Another major deal in Canada’s wealth-management world is highlighting the potential value of cross-selling to high-net-worth clients, a segment that remains sought-after in the face of disruption brought on by low-fee investing products.
On Friday, Toronto-based private-equity firm Onex Corp. announced it was making a $445-million bid to buy Canadian wealth-manager Gluskin Sheff + Associates Inc., a deal the companies said would “broaden the product suite available” to Toronto-based Gluskin Sheff’s high-net-worth and institutional clients.
“By combining Gluskin Sheff’s public securities investing platforms with Onex’ private equity and private debt platforms the clients of both firms will have greater investment options,” said Gerry Schwartz, chairman and chief executive officer of Onex, in a release.
Investors have so far smiled on the match, which is still subject to various approvals and closing conditions.
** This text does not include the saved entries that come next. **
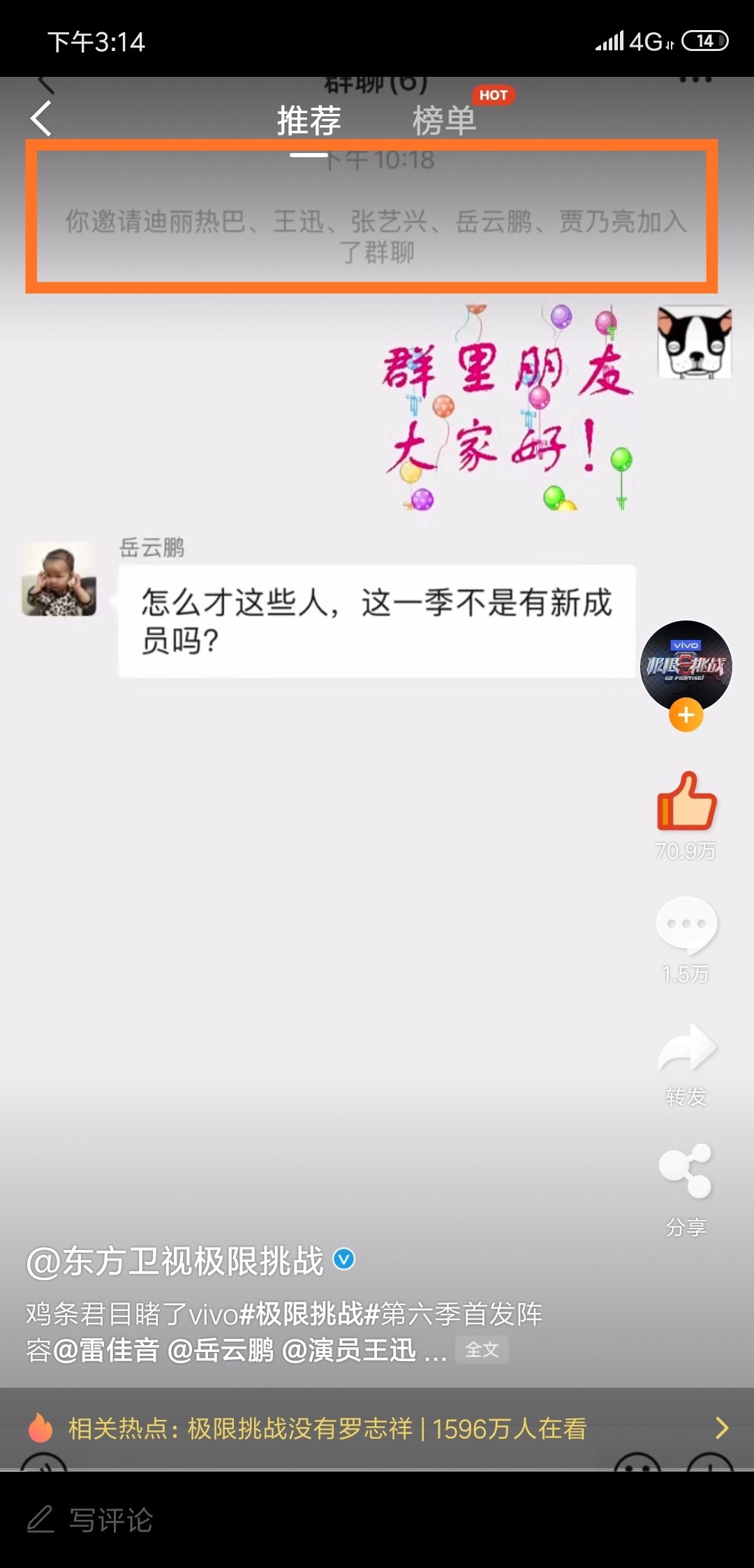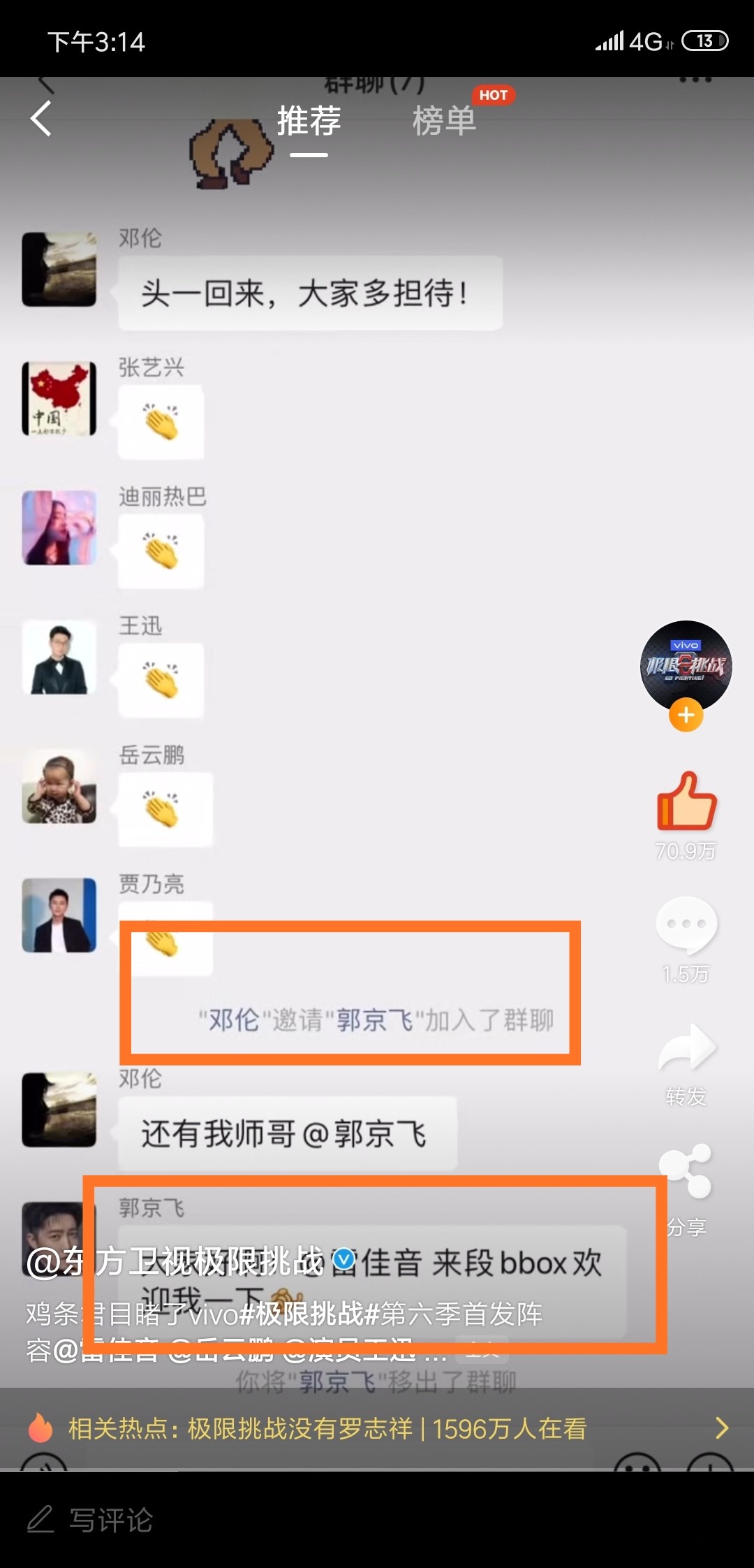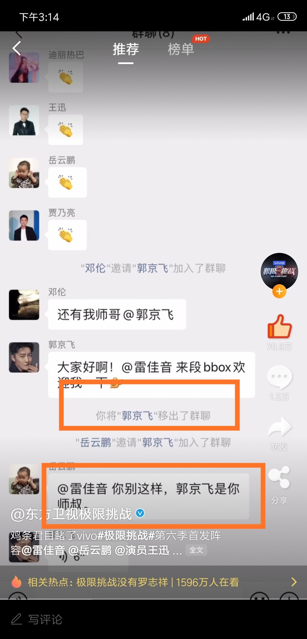 这不,新的一季极限挑战快开始时,雷佳音创建了群聊,他将迪丽热巴在内的几名极限挑战成员拉入了群聊,可偏偏跳过了郭京飞。于是邓伦将郭京飞拉进来,并且介绍了他,而郭京飞一进入群聊就cue雷佳音,让他来段B-BOX欢迎自己,大家都知道雷佳音的口技还是很不错的。听到这话,雷佳音直接将郭京飞踢出了群聊。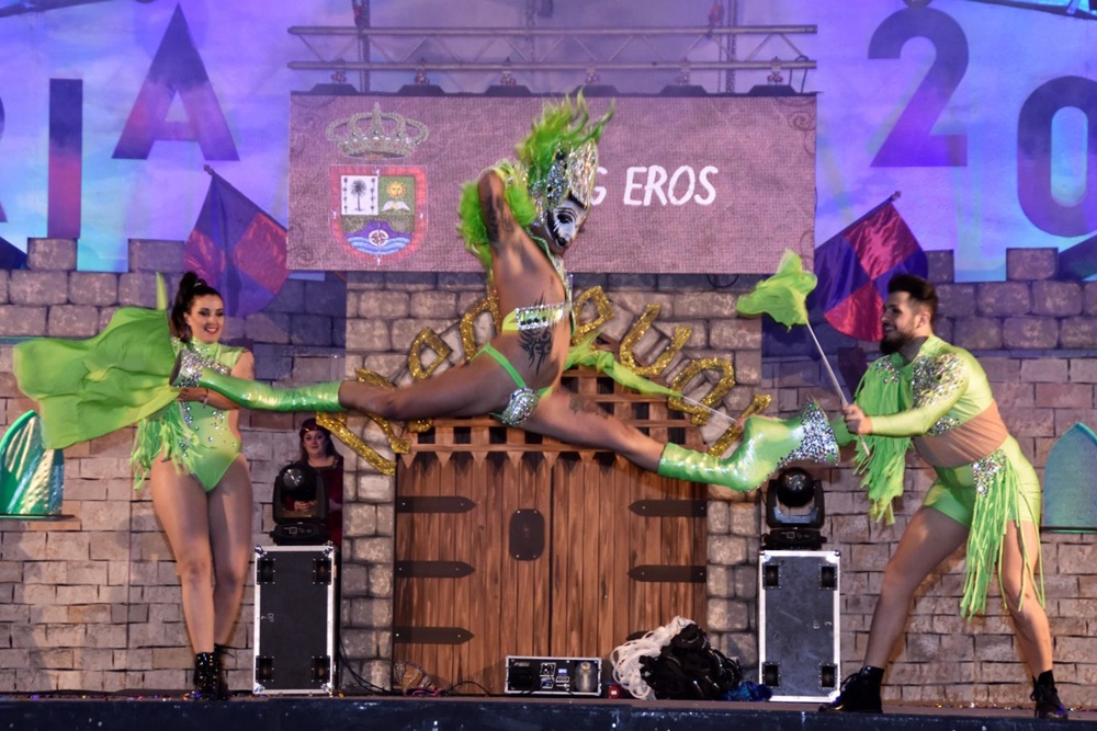 Ya por la noche fue el turno del pregón a cargo de Gustavo Navarro y la Gala Inaugural del Carnaval con la actuación de Escuela de Circo Aerial, Drag Eros, Comparsa Los Cumbacheros y Escuela de Bailes Latinos El Norte Dance.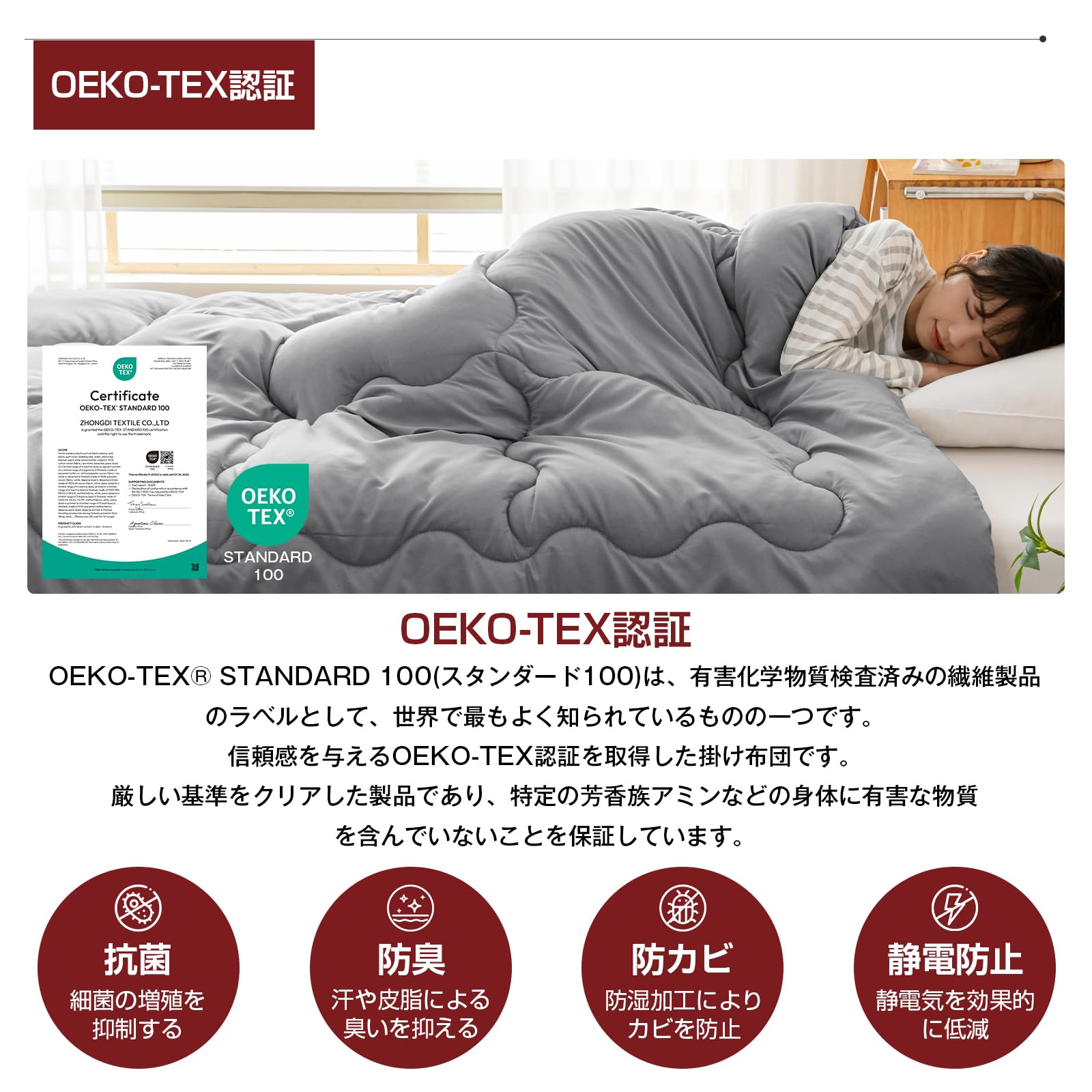 【抗菌防臭ふとん・OEKO-TEX認証・安心掛布団】アメリカの大手化学企業デュポンが開発した細菌の発生を抑える抗菌剤SILVADURを使用。掛け布団の生地だけでなく中綿まで防ダニ・抗菌防臭加工を施し、いつでも清潔でいられます。確実な抗菌防臭・防ダニ効果はSEK認証も獲得し、清潔さは安心できます。通気性もアップし快適な寝心地を感じられます。信頼感を与えるOEKO-TEX認証を取得した掛ふとんです。厳しい基準をクリアした製品であり、特定の芳香族アミンなどの身体に有害な物質を含んでいないことをしています。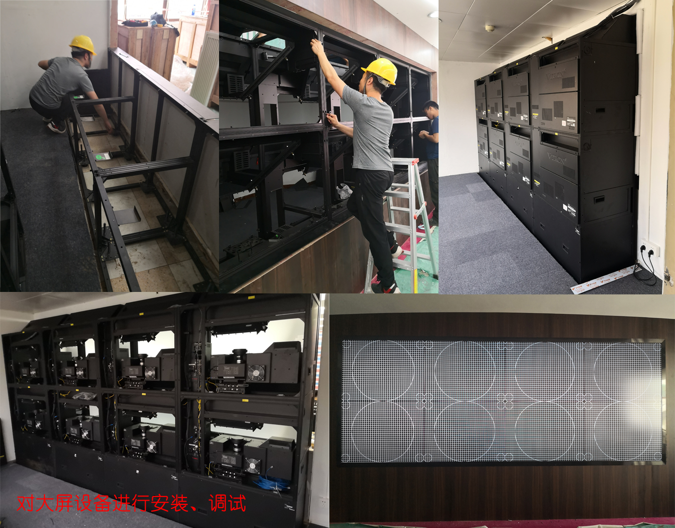南网某供电局会议室配置了一套50寸2行4列的DLP拼接大屏幕系统,主要用于日常会议、应急指挥工作。因业务紧急需要,需将大屏系统设备进行整体迁移,科灿科技全力助力其大屏搬迁工作。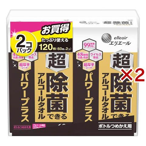 エリエール 超除菌できるアルコールタオル パワープラス ボトルつめかえ用 (2個入×2セット(1個60枚))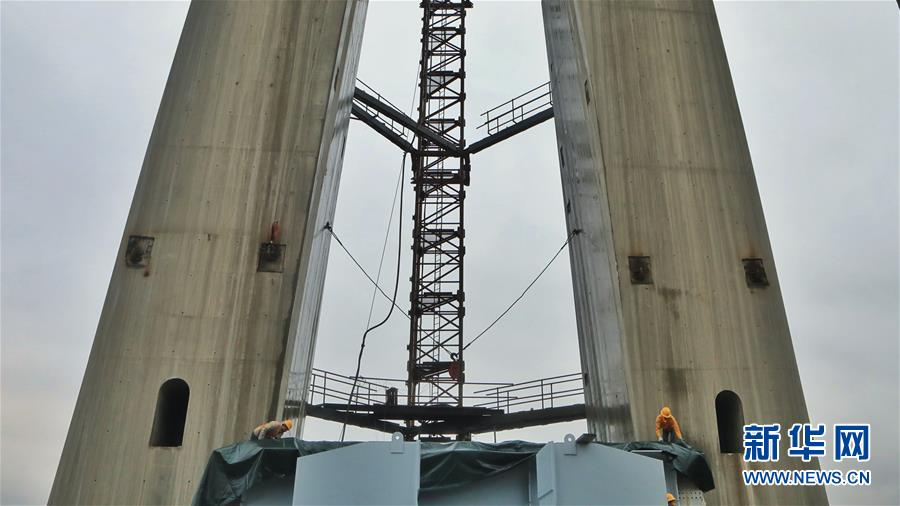 2019年1月7日,建设者在世界第一高混凝土桥塔上建设平塘特大桥。新华社记者欧东衢摄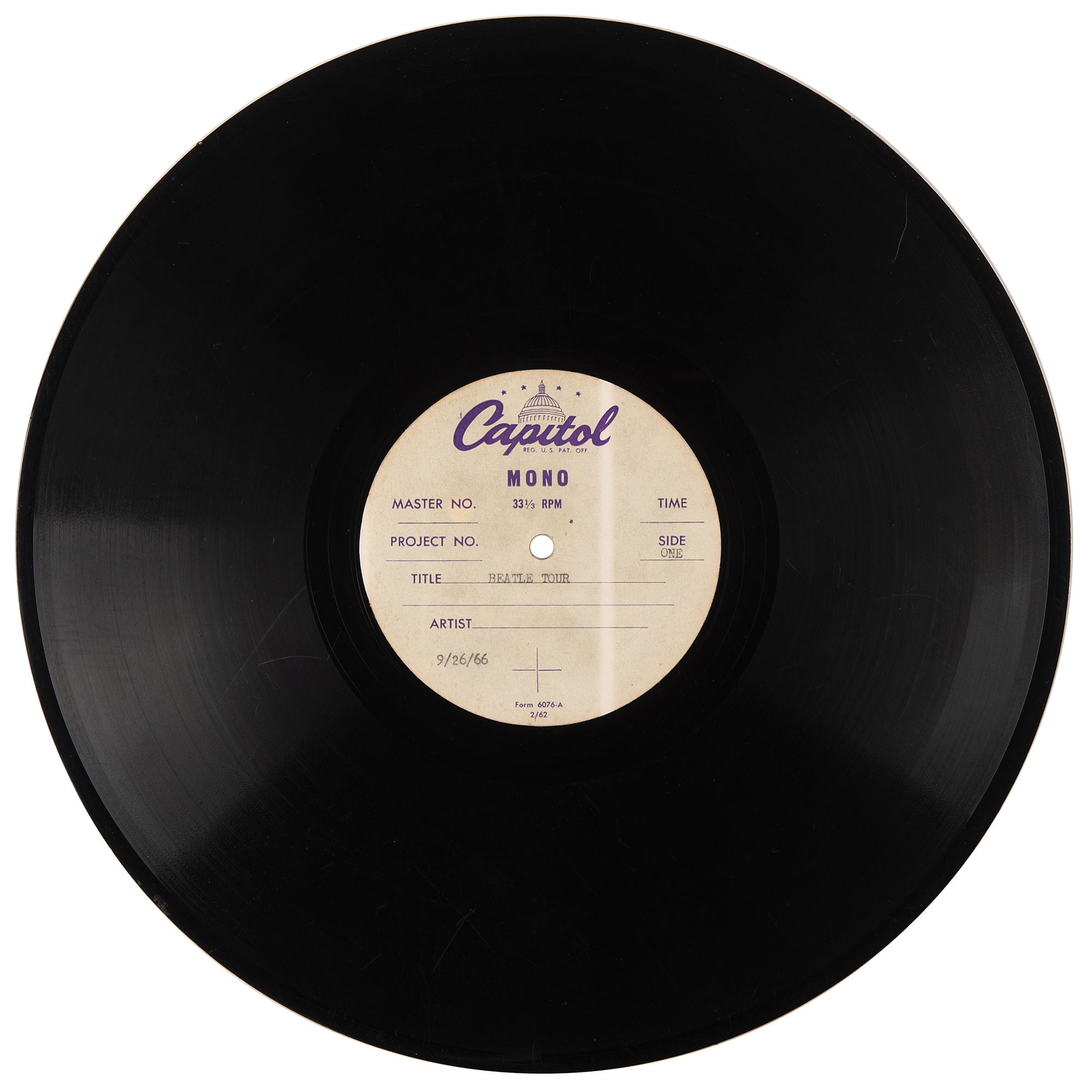 Beatles US Capitol Records Acetate for Beatle Tour (Unreleased, 1966)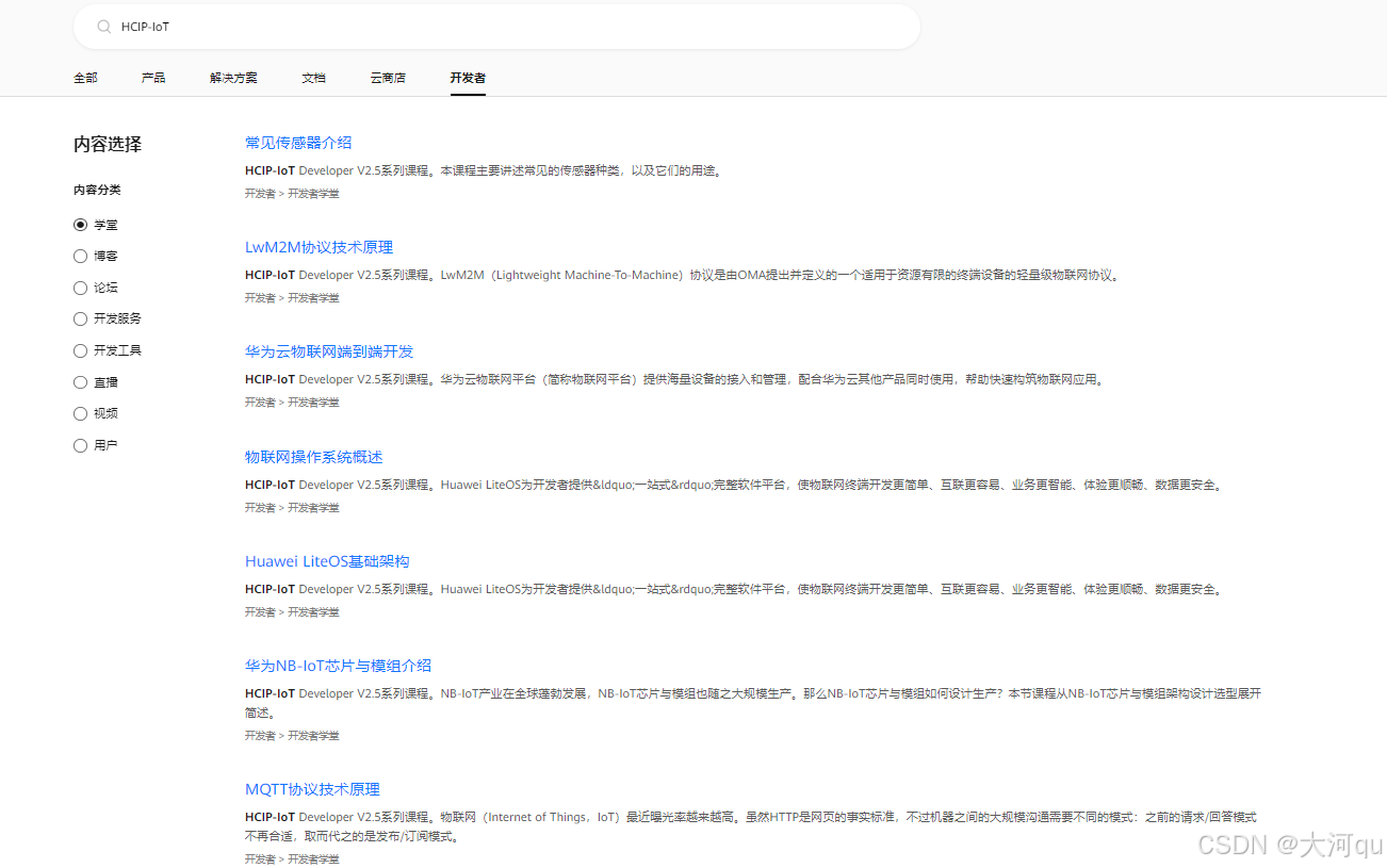 你可以在华为开发者学堂中搜索任何你感兴趣的资料,如使用"HCIP-IoT"做关键词,部分搜索结果如下,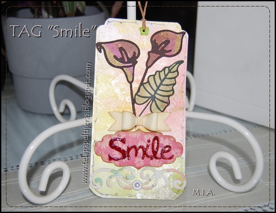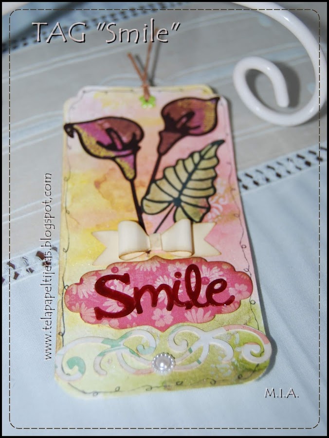 Por último troquelar las esquinas, redondeadas abajo y escalop arriba con la Corner Chomper, poner un eyelets en forma de flor con la Crop-a-dile y un trozo de rafia marrón.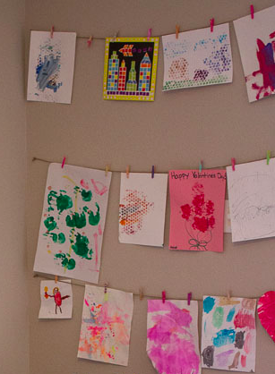 Artwork Display: Twine, screws, and mini-cloth pins are an easy way to display artwork and you can easily switch it out to make room for new projects. Cost: $3-$5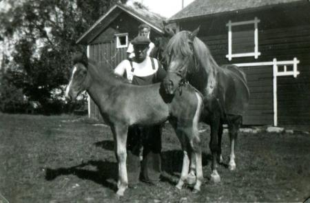 | Emil rodas med sto och föl på gården vid "finnas" | |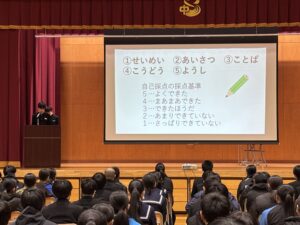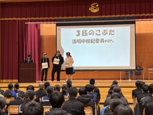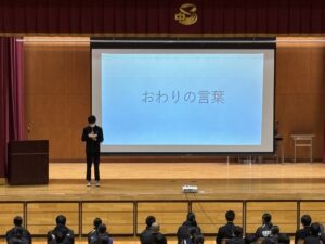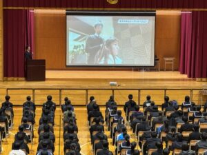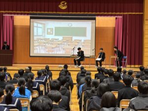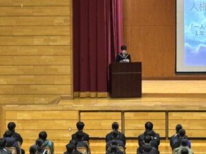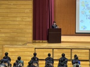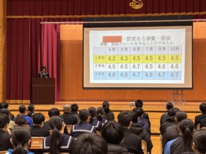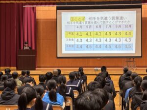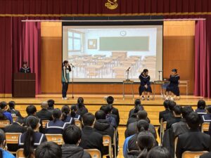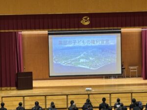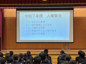 「身近な人権問題について考え、一人一人がもつ権利を理解することを通して、自分を大切にするとともに、周りの人も大切にしようとする意欲を高める」ことねらいとして、令和7年度の人権集会が開催されました。この集会は、人権週間に合わせて毎年開催されており、今年は黒部市の人権擁護委員や黒部ライオンズクラブの方々を来賓としてお迎えしました。集会では始めに校紀委員がアンケート調査の結果発表とその考察、思いやりに関する寸劇の発表等を行いました。次に代表者による人権作文の発表がありました。最後に黒部市子どもの権利宣言を校紀委員が読み上げ、集会を締めくくりました。閉会後、黒部ライオンズクラブの方が「ヘアドネーションと献血」についてその意義を説明したり、ニュース映像を紹介したりしてヘアドネーションと献血への理解と協力を求めました。集会の企画運営に携わった生徒会校紀委員会の皆さん、ありがとうございました。

Shares of Gluskin Sheff jumped more than 29 per cent on Monday, pushing the stock price past the $14.25 per-share offer made by Onex, whose shares also rose Monday.
Canaccord Genuity analyst Scott Chan noted that potential benefits of the deal included “adding (Gluskin Sheff’s) strong distribution capabilities in the attractive (high-net-worth) clientele space” and broadening Onex’s investing capabilities by adding equities, hedge funds and investment grade credit.
Chan said the “cross-selling capabilities” should also help Gluskin Sheff retain clients, after the firm saw its assets under management decline to $8.2 billion as of Dec. 31, 2018, down $700 million from Sept. 30 of last year.
“Commanding such a multiple on a standalone basis would, in our view, require a material turnaround in net flows as well as elevated performance fees both of which will be challenging to achieve near term,” wrote CIBC Capital Markets analyst Marco Giurleo in a note on Gluskin Sheff.
“On the other hand, a combination with a reputable partner such as Onex provides an opportunity to stabilize client flows and enhance the earnings power of the company by introducing highly coveted alternative investment strategies.”
A cross-selling-related rationale was also given in connection to a mega-deal in the wealth-management sector last year: Bank of Nova Scotia’s $2.6-billion takeover of MD Financial Management.
The clients of both firms will have greater investment options
That deal, according to a Scotiabank presentation, provided an opportunity to add market-share in the wealth business and “capture primary banking relationships” in the high-net-worth area in which doctor-focussed MD Financial had specialized.
The Onex-Gluskin Sheff deal (expected to close in the first half of 2019) includes a $13.3-million break-fee Gluskin Sheff would pay to Onex if the transaction doesn’t close for certain reasons, including if a superior bid comes along to scuttle it.
“Given the support of the deal by GS’ board and management as well as the 28 per cent premium offered (over Gluskin Sheff’s share price at Friday’s close), we view the probability of an interloper offering a higher price as low,” wrote Giurleo.
RBC Capital Markets analyst Geoffrey Kwan said they also believe the acquisition “is likely to be successful,” and that the announcement “should not be overly surprising” given the decline in Gluskin Sheff’s share price over the past few years.
“While we like the long-term growth potential at GS, the current challenging fundamentals were likely to constrain GS’ share price in the near-term, so this transaction provides GS shareholders with an opportunity to realize value in the short-term.”